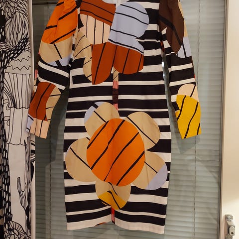 Ompelijalla vaatetuskankaasta teetetty mekko kokoa xs. Puhvihihat, takana avolaskos. Uudenveroinen kunto. Nouto Vihdistä tai Espoosta. Kulkeutuu Helsingin keskustaan.
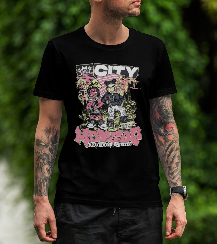 The City Morgue My Bloody America T-shirt is designed for everyday wear and a consistent fit. Fabric is pre-shrunk ring-spun cotton with durable stitching. See the size chart below for exact measurements.
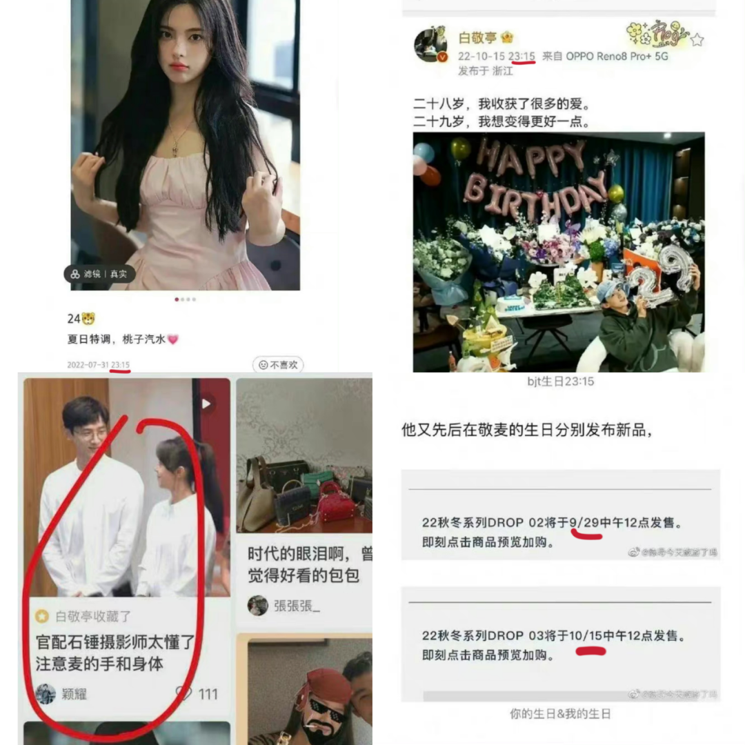 除了现在炒cp标配——从正片到花絮,从戏内到戏外,以暧昧的行为举止配合,白敬亭还有一些抽丝剥茧的“糖”给cp粉,为嗑糖增加无穷兴味。比如白敬亭生日卡点的时间23:15和杨超越的生日发博时间一样;他还曾在小红书上收藏了他和赵今麦的cp贴;以及选了赵今麦生日与自己生日这两天开自己的潮牌新品发布会等等。至于他的潮牌同款,则是很多女明星人手一份。
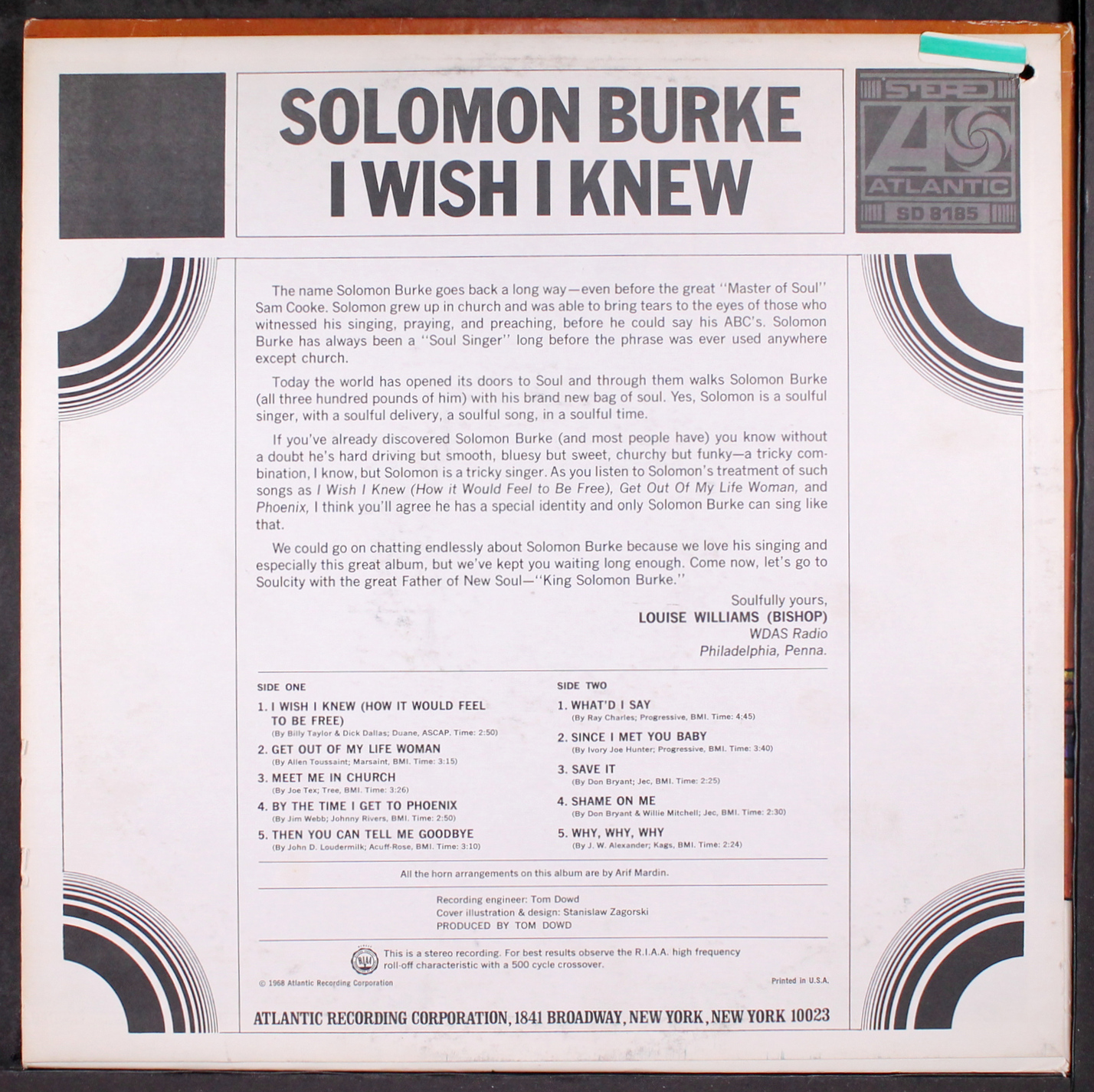 I Wish I Knew (1968) is the fourth studio album by soul/gospel singer Solomon Burke, his third for Atlantic Records after Rock ’n Soul four years earlier. Originally panned upon release for “playing it safe” right as the political climate had turned into a erupting volcano, it has become a minor classic in the 57 years since. The title track – penned by Billy Taylor and Dick Dallas – is a heartfelt confession of uncertainty over the possibility of being completely free, while Burke’s rendition of Allen Toussaint’s “Get Out of My Life, Woman” has been sampled (like a lot of other renditions of the song) by multiple artists – including by Dr. Dre on the intro track of The Chronic.

********************

## What you have to do
Print the data word for word and omit the pictures.

## Exercise result
 Ompelijalla vaatetuskankaasta teetetty mekko kokoa xs. Puhvihihat, takana avolaskos. Uudenveroinen kunto. Nouto Vihdistä tai Espoosta. Kulkeutuu Helsingin keskustaan.
 The City Morgue My Bloody America T-shirt is designed for everyday wear and a consistent fit. Fabric is pre-shrunk ring-spun cotton with durable stitching. See the size chart below for exact measurements.
 除了现在炒cp标配——从正片到花絮,从戏内到戏外,以暧昧的行为举止配合,白敬亭还有一些抽丝剥茧的“糖”给cp粉,为嗑糖增加无穷兴味。比如白敬亭生日卡点的时间23:15和杨超越的生日发博时间一样;他还曾在小红书上收藏了他和赵今麦的cp贴;以及选了赵今麦生日与自己生日这两天开自己的潮牌新品发布会等等。至于他的潮牌同款,则是很多女明星人手一份。
 I Wish I Knew (1968) is the fourth studio album by soul/gospel singer Solomon Burke, his third for Atlantic Records after Rock ’n Soul four years earlier. Originally panned upon release for “playing it safe” right as the political climate had turned into a erupting volcano, it has become a minor classic in the 57 years since. The title track – penned by Billy Taylor and Dick Dallas – is a heartfelt confession of uncertainty over the possibility of being completely free, while Burke’s rendition of Allen Toussaint’s “Get Out of My Life, Woman” has been sampled (like a lot of other renditions of the song) by multiple artists – including by Dr. Dre on the intro track of The Chronic.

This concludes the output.